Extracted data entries
+---+

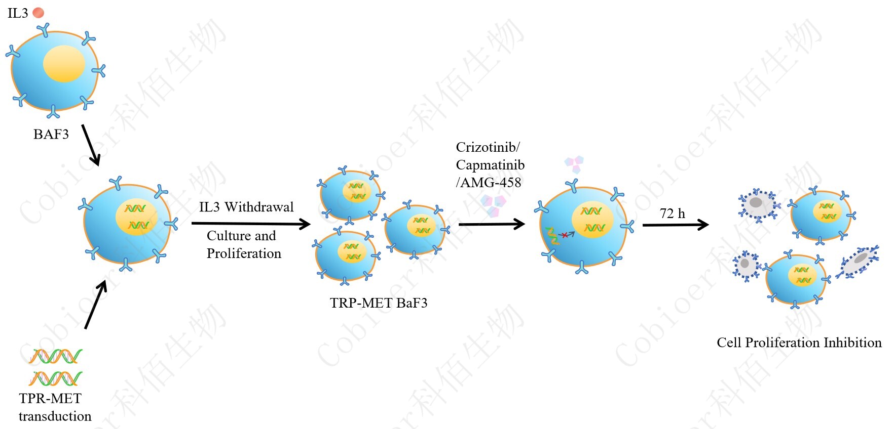 BaF3(小鼠原 B 細(xì)胞)的生長(zhǎng)和增殖需要 IL-3 的維持。通過引入各種表達(dá)激酶的基因, 能作為 BaF3 的驅(qū)動(dòng)基因,讓 BaF3 不再依賴 IL-3 而增殖,進(jìn)而激酶基因成為 BaF3 增殖依 賴的驅(qū)動(dòng)基因,用于評(píng)估小分子藥物對(duì)激酶的靶向抑制作用,原理及流程見下圖所示。![]() Figure 1. TPR-MET BaF3 細(xì)胞的構(gòu)建原理圖 |
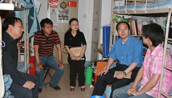 5月21日,举国抗震救灾进入第九天,这一天也是全国哀悼日的第三天。下午四点,公司党委书记姚仰平、常务副经理丁水汀一起来到员工12公寓,慰问家在重灾区之一的绵竹何正建同学。
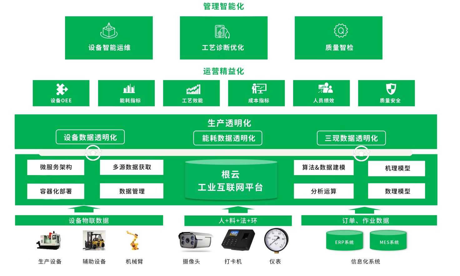 結合對工業轉型的深入理解與實踐,樹根科技提出裝備制造廠內數智化轉型的四條路徑,通過“產線數字化-生產透明化-運營精益化-管理智能化”搭建基于數據閉環驅動的卓越制造體系,打通全價值鏈,實現柔性化生產以及精益化管理和決策。
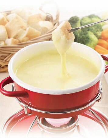 ホーローのチーズフォンデュ鍋セットはいかがでしょうか。IHにもガス火にも対応の鍋なので、ある程度キッチンのコンロで温めて、テーブルでは付属のスタンド類にのせてフォンデュが楽しめます。温めには固形燃料を使って、炎の優しい揺らぎを見ながらお食事ができます。
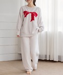 TeddyShop(TeddyShop)のルームウェア/パジャマ「【セットアップ/静電気防止/保温性・吸湿性・通気性あり】長袖リボンシャギーニット異素材MIXトップス+ロングパンツ ルームウェア上下2点セット レディース」を使ったコーディネート
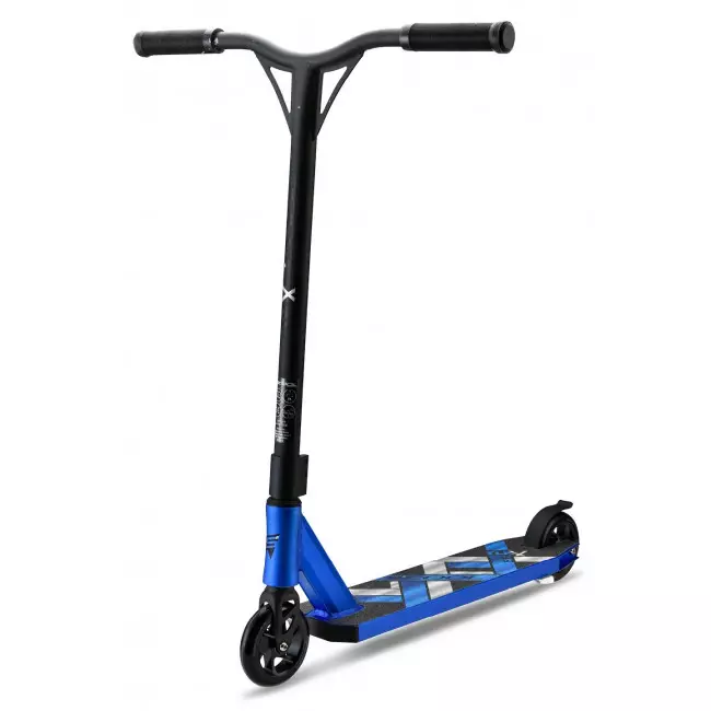 The flaX 8.6 stunt scooter in sparkling "Flash Blue" or "Flash Gold" is the more robust version of a scooter. Optimally suited for tricks and rides on the ramp.

+---+

ABOUT THIS TASK ::
Above are some records; quote exactly and only the lines that begin at the line containing "5月21日,举国抗震救灾进入" and stop after the line containing "ホーローのチーズフォンデュ鍋", leaving out the pictures.

TASK SOLUTION ::
 5月21日,举国抗震救灾进入第九天,这一天也是全国哀悼日的第三天。下午四点,公司党委书记姚仰平、常务副经理丁水汀一起来到员工12公寓,慰问家在重灾区之一的绵竹何正建同学。
 結合對工業轉型的深入理解與實踐,樹根科技提出裝備制造廠內數智化轉型的四條路徑,通過“產線數字化-生產透明化-運營精益化-管理智能化”搭建基于數據閉環驅動的卓越制造體系,打通全價值鏈,實現柔性化生產以及精益化管理和決策。
 ホーローのチーズフォンデュ鍋セットはいかがでしょうか。IHにもガス火にも対応の鍋なので、ある程度キッチンのコンロで温めて、テーブルでは付属のスタンド類にのせてフォンデュが楽しめます。温めには固形燃料を使って、炎の優しい揺らぎを見ながらお食事ができます。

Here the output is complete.